Records from a collection
--------------------------------------------------

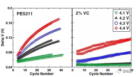 可以看出,在低截止電壓下循環(huán),電池△V較小,而電壓升高到4.3V以上時(shí),△V急劇升高,電池極化加重,這就大大影響了電池的壽命。從圖中也可以看出,VC和PES211的△V變化速率是不同的,這進(jìn)一步驗(yàn)證了電解液添加劑不同,電池極化程度、速度也是不同的。
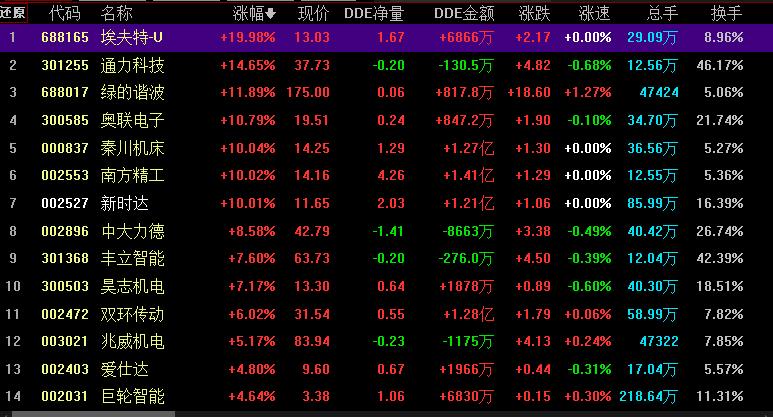 具體看,截至6月20日上午收盤,減速器板塊漲幅居首,達4.30%,資金凈流入達73.30億元。其中,埃夫特-U、通力科技、綠的諧波、奧聯(lián)電子、秦川機床、南方精工、新時達等概念股漲幅均超10%。
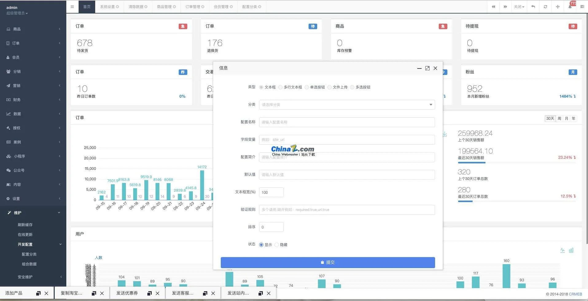 CRMEB系统就是集客户关系管理+营销电商系统,能够快速积累客户、会员数据分析、智能转化客户、有效提高销售、会员维护、网络营销的一款企业应用,包含商城、拼团、砍价、秒杀、优惠券、积分、分销等功能。
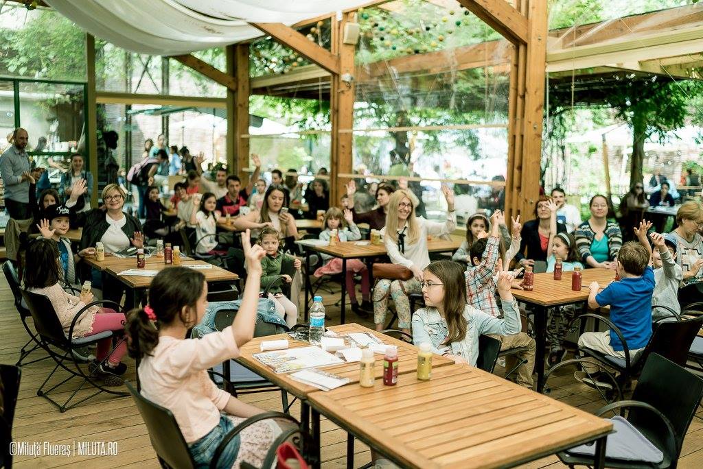 Copiii au participat şi la un mic exerciţiu de desen coordonat de Cristiana Radu, unde s-au întrecut în a ilustra ce ingrediente ar folosi ei în crearea unor vrăji speciale. Am aflat că pentru a zbura ai nevoie de pene de ciocănitoare, că maşinile pot fi mai rapide dacă sunt alimentate cu ciocolată și că fructele pline de vitamine vindecă teama de caracatițe.
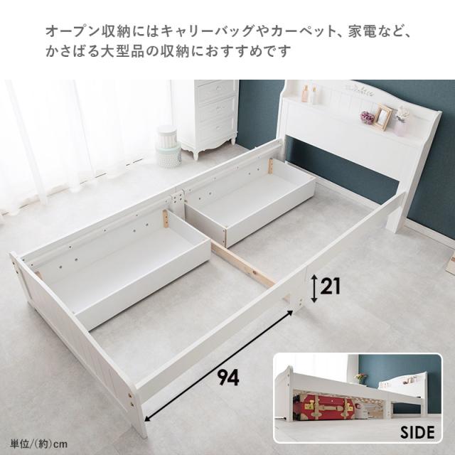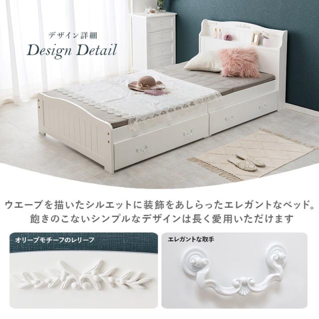 ウェーブを描いたシルエットに装飾をあしらったエレガントなベッド。衣類や小物などを収納できる引出し付き
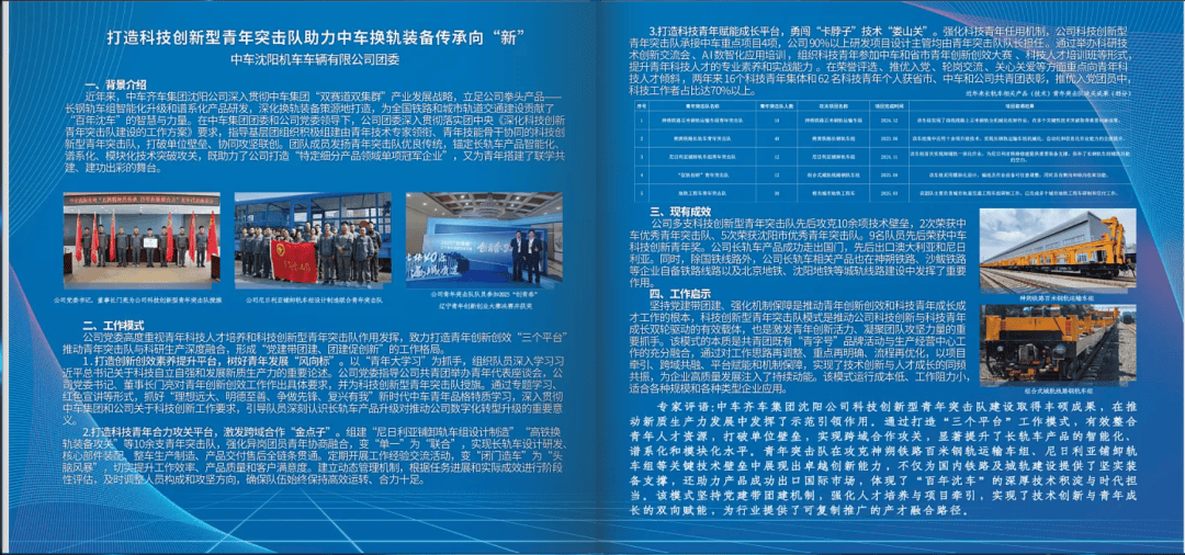 该模式案例细致引见了公司通过组建科技立异型青年突击队,合力鞭策公司拳头产物——长钢轨车组智能化升级和谱系化产物研发取得的立异。公司党委指点公司共青团贯彻落实团地方《深化科技立异青年突击队扶植的工做方案》要求,组建由青年手艺专家领衔、青年技术协同的科技立异型青年突击队,公司党委、董事长亲身为突击队授旗,公司团委担任人世接联系青年突击队开展工做。通过打制“三个平台”工做模式,无效整合青年人才资本,打破单元壁垒,实现跨域合做攻关,帮力公司长轨车产物的智能化、谱系化和模块化成长,实现了手艺立异取人才成长的同频共振,为公司高质量成长注入了芳华动能。

--------------------------------------------------

Work to complete: Copy nothing outside the span: please output the lines from the one with "Copiii au participat" through the end of the entries above, and skip the pictures.

Task response:
 Copiii au participat şi la un mic exerciţiu de desen coordonat de Cristiana Radu, unde s-au întrecut în a ilustra ce ingrediente ar folosi ei în crearea unor vrăji speciale. Am aflat că pentru a zbura ai nevoie de pene de ciocănitoare, că maşinile pot fi mai rapide dacă sunt alimentate cu ciocolată și că fructele pline de vitamine vindecă teama de caracatițe.
 ウェーブを描いたシルエットに装飾をあしらったエレガントなベッド。衣類や小物などを収納できる引出し付き
 该模式案例细致引见了公司通过组建科技立异型青年突击队,合力鞭策公司拳头产物——长钢轨车组智能化升级和谱系化产物研发取得的立异。公司党委指点公司共青团贯彻落实团地方《深化科技立异青年突击队扶植的工做方案》要求,组建由青年手艺专家领衔、青年技术协同的科技立异型青年突击队,公司党委、董事长亲身为突击队授旗,公司团委担任人世接联系青年突击队开展工做。通过打制“三个平台”工做模式,无效整合青年人才资本,打破单元壁垒,实现跨域合做攻关,帮力公司长轨车产物的智能化、谱系化和模块化成长,实现了手艺立异取人才成长的同频共振,为公司高质量成长注入了芳华动能。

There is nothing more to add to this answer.